Reise für Sommer 2020 bereits zwei Jahre zuvor gebucht
Der Kläger buchte für sich und seine Frau im August 2018 bei der Beklagten eine mehrtägige Flugreise nach Kanada gebucht, die – nach Umbuchung – im Juli/August 2020 stattfinden sollte. Er zahlte den Preis von gut 6.000 Euro an die Beklagte. Nach den Reisebedingungen entfällt im Fall des Rücktritts der Anspruch auf den vereinbarten Reisepreis. Der Reiseveranstalter kann dann jedoch eine angemessene Entschädigung verlangen, die bis zum 31. Tag vor Reisebeginn 25% des Reisepreises beträgt. Keine Entschädigung kann verlangt werden, "wenn am Bestimmungsort oder in unmittelbarer Nähe unvermeidbare, außergewöhnliche Umstände auftreten, die die Durchführung der Pauschalreise...erheblich beeinträchtigen". Mitte März 2020 teilte der Kläger der Beklagten mit, dass er unter Symptomen des Corona-Virus leide und die Reise im Hinblick auf die Umstände unter anderem in Kanada storniere. Eine angebotene Verschiebung der Reise auf das Folgejahr lehnte er ab und begehrte vor dem Landgericht Rückzahlung des vollen Reisepreises. Die Beklagte zahlte nach Klageerhebung 90% zurück. Das LG verurteilte die Beklagte auch zur Zahlung der zwischen den Parteien streitigen restlichen 10%.

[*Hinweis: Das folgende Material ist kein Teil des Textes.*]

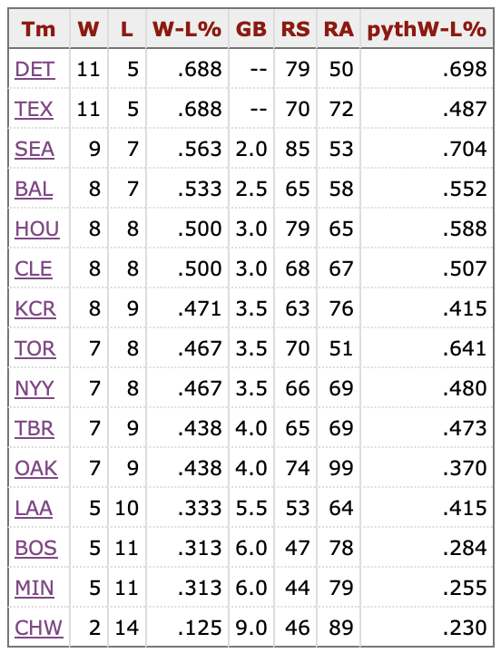 They’re just a half game worse than Cleveland and three and a half games better than the Twins. They’ve jumped ahead of Minnesota in both the AL Central and the Wild Card. I mean look at the Twins…and the Red Sox. I remain intrigued by the Tigers.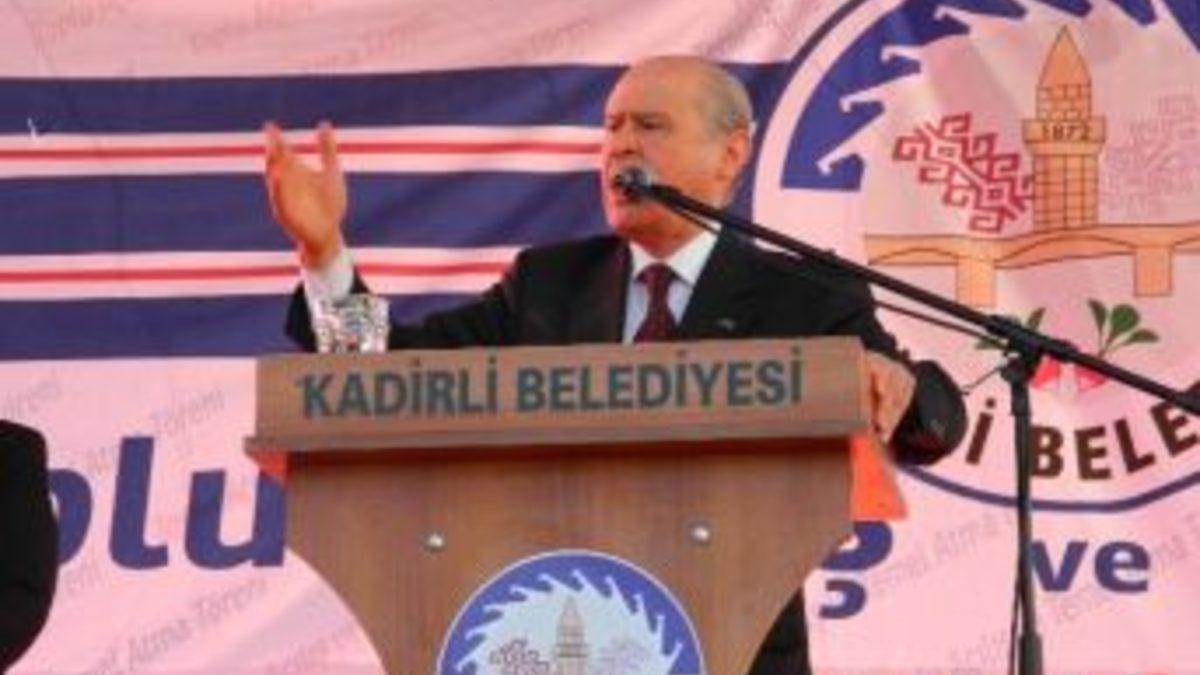 Milliyetçi Hareket Partisi (MHP) Genel Başkanı Devlet Bahçeli, toplu açılış törenine katılmak üzere geldiği Osmaniye’nin Kadirli ilçesinde, 'yolsuzluk ve rüşvet' iddialarıyla ilgili soruşturma üzerinden hükümete yüklendi.MHP Genel Başkanı Dr. Devlet Bahçeli, Kadirli Belediyesi yeni hizmet binasının açılış töreni için geldiği Kadirli ilçesinde halka hitap etti. İstanbul Cumhuriyet Başsavcılığı tarafından yürütülen soruşturmaya değinen Devlet Bahçeli, "İçinden geçtiğimiz bugünkü zaman diliminde koltuğunu kaybetmemek için çırpınan, ihanetlerini örtmek için kıvranan, rezaletlerini gizlemek için çirkefleşen, bahaneler ürettikçe batan bir hükümetle yüz yüzeyiz. İktidar, Türkiye'yi yorgun düşürmüştür, Türkiye'yi çatışma ve cepheleşme sürecine kilitlemiştir. Türkiyemiz tarihinin en talihsiz yıllarını yaşamaktadır. Tutarsız, ilkesiz, ahlaksız ve milliyetsiz kadrolar milletimizin önünü tıkamaktadır. Yıllardan beri küresel güçler şiddet ve vahşet senaryoları yazmış, hükümet kapı kapı gezerek kuryelik ve postacılık yapmıştır. Aziz milletimiz neticeleri çok ağır olacak bir kuşatmaya alınmıştır. Hükümetin iç ve dış politikasının referans kaynakları yabancı başkentlere göre kurulmuş ve kurgulanmıştır. Başbakan Erdoğan'ın çizdiği pembe tablolardan ise ortada iz ve eser yoktur. Daha da beteri ve kötüsü, yolsuzluğun, iktidarı kanser hücresi gibi sarmış olmasıdır. Başbakan Erdoğan, PKK ile müzakere yapıp bölünmenin direklerini dikmekle meşgulken yanında ve yöresindekiler devleti soyup soğana çevirmekle uğraşmıştır. AKP iktidarı yolsuzluk olup çıkmıştır, gayri meşru kazanç kapısı haline gelmiştir. Yeri gelince kul hakkından, haktan ve hukuktan bahsedenler heybelerini haramla doldurmuştur. Türkiye, 17 Aralık'tan beri çok ciddi yolsuzluk iddialarıyla çalkalanmaktadır. Öyle isnat ve suçlamalar vardır ki bunların birisi bile doğru ise hükümetin yerinde durması mümkün değildir. Görünen o dur ki yolsuzluk dalgası AKP hükümetini şaşkına çevirmiş, gaflet anında yakalamıştır” diye konuştu."GEÇİŞTİRİLECEK OLAY DEĞİLDİR"Operasyonunda adı geçen bakanlarla ilgili de konuşan Bahçeli, “Ortaya çıkan, basına yansıyan bilgi, belge ve bulgular, evlerde adeta banka kurar gibi kasalarca para biriktiren yüzler, AKP hükümetinin eseri ve asla altından kalkamayacağı vebalidir. Rüşvetçi bakanlarla ilgili ortalıkta dolaşan şaiyalar da hazmedilecek ve geçiştirilecek olay değildir” dedi.Yolsuzluk operasyonlarıyla ilgili konuşmasını sürdüren Bahçeli, “Hükümet yolsuzluğun dibini boylamış, potansiyel suçlular dolmuş, taşmış, Başbakan ise hala korkuluk taşlamaktadır. Yolsuzluk tasması hükümetin boynuna geçmiş, Başbakan ise hala çetelerden, sermaye gruplarından, medyadan ve karanlık güçlerden bahsetmektedir. Türk milletinin el emeği göz nuru alın teri, hükümetin yolsuzluk şantiyesinde hiç edilmektedir. Başbakan ise hala 'Türkiye’ye istikamet çizenler, çirkin yollara girenler, kirli ittifaklar var' diyerek milletimizi kandırmaktadır” şeklinde konuştu.“POLİS MÜDÜRLERİNİN GÖREVDEN ALINMASI SUÇLULUĞUN VERMİŞ OLDUĞU POLİS HALİDİR”İstanbul Cumhuriyet Başsavcılığı tarafından yürütülen soruşturma kapsamında İstanbul Emniyet Müdürlüğü'nde görevli bazı polis müdürlerinin görevden alınmasını da değerlendiren Devlet Bahçeli şöyle devam etti:“Buradan tüm tarafları ikaz ediyorum. Süren rüşvet ve yolsuzluk operasyonunu hiç kimse engellemeye kalkmamalıdır. Başbakan Erdoğan ve hükümetinin başta İstanbul Emniyetindeki polis müdürlerini görevden alması, hatta soruşturma açması tam olarak suçluluğun vermiş olduğu panik halidir. Hele hele soruşturmayı yürüten savcılarla ilgili herhangi bir tasarruf direkt olarak Başbakan ve bakanların suçlamalarından kaçmak ve kurtulmak arayışı olarak yorumlanacaktır. Artık takke düşmüş yolsuzluğun sevk zinciri belirmiştir. Yolsuzluk mahzeninin kapısı açılmış, pis kokular her tarafa yayılmıştır. Bu soruşturma sonuna kadar sürdürülmeli, ucu kime değerse değsin söz konusu hukuki süreç sağlıklı, düzgün şekilde ilerletilmelidir.”

OLG bestätigt: Reisepreis vollständig zurückzuerstatten
Die Berufung hiergegen hatte auch vor dem OLG keinen Erfolg. Der Kläger könne Rückerstattung auch des restlichen Reisepreises verlangen, bestätigte das OLG. Die Beklagte habe durch das eindeutig als Rücktritt auszulegende Schreiben des Klägers vom März 2020 ihren Anspruch auf den Reisepreis verloren. Die Beklagte habe keinen Anspruch auf Entschädigung für die Stornierung in Höhe von den hier geltend gemachten 10% des Reisepreises. Der Entschädigungsanspruch sei vielmehr gemäß den Reisebedingungen im Hinblick auf vorliegende unvermeidbare außergewöhnliche Umstände, die die Reisedurchführung beeinträchtigten, ausgeschlossen.
Vorliegen einer Beeinträchtigung aus ex-ante-Sicht zu beurteilen
Ob eine derartige Beeinträchtigung vorliege, sei prognostisch – ex ante - zum Zeitpunkt der Rücktrittserklärung zu beurteilen. Auf spätere – zwischen Rücktrittserklärung und ursprünglich geplantem Reisebeginn – eintretende geänderte Umstände zugunsten oder zulasten einer Partei komme es nicht mehr an. Dabei bestehe ein Rücktrittsrecht wegen nicht voraussehbarer höherer Umstände schon dann, "wenn mit dem Eintritt des schädigenden Ereignisses mit erheblicher, und nicht erst dann, wenn mit ihm mit überwiegender Wahrscheinlichkeit zu rechnen ist". Eine Eintrittswahrscheinlichkeit ab einer Größenordnung von 20 bis 25% genüge in der Regel. Dies markiere zugleich "die Grenze zwischen lediglich subjektiv empfundenen Gefahren und einer sachlich begründeten Befürchtung für erhebliche Beeinträchtigungen".
Erhebliche Wahrscheinlichkeit für schädigendes Ereignis gegeben
Diese erhebliche Wahrscheinlichkeit habe hier bestanden, meint das OLG. Die Parteien seien sich einig, dass bei Kündigung bereits Reisebeschränkungen bestanden und es sich bei dem bis dahin völlig unbekannten SARS-CoV-2-Virus und der möglichen Pandemie um ein unberechenbares Geschehen handele, für dessen weitere Entwicklung im März 2020 keine sicheren oder auch nur belastbaren Prognosen aufgestellt werden konnten. Könne bei zwei Alternativen keine Aussage über die Wahrscheinlichkeit des Eintritts der einen oder anderen gemacht werden, bestehe eine Wahrscheinlichkeit von jeweils 50% zu 50%. Soweit zwischen Rücktritt und Reisebeginn ein Zeitraum von vier Monaten gelegen habe, habe der Kläger auch nicht noch abwarten müssen, wie sich die Verbreitung und die Gefahren der Pandemie weiterentwickelten. Eine derartige Wartefrist sei gesetzlich nicht vorgesehen. Ein Zuwarten sei dem Reisenden auch nicht zumutbar. Gegen das Urteil ist die Revision zum BGH zugelassen worden.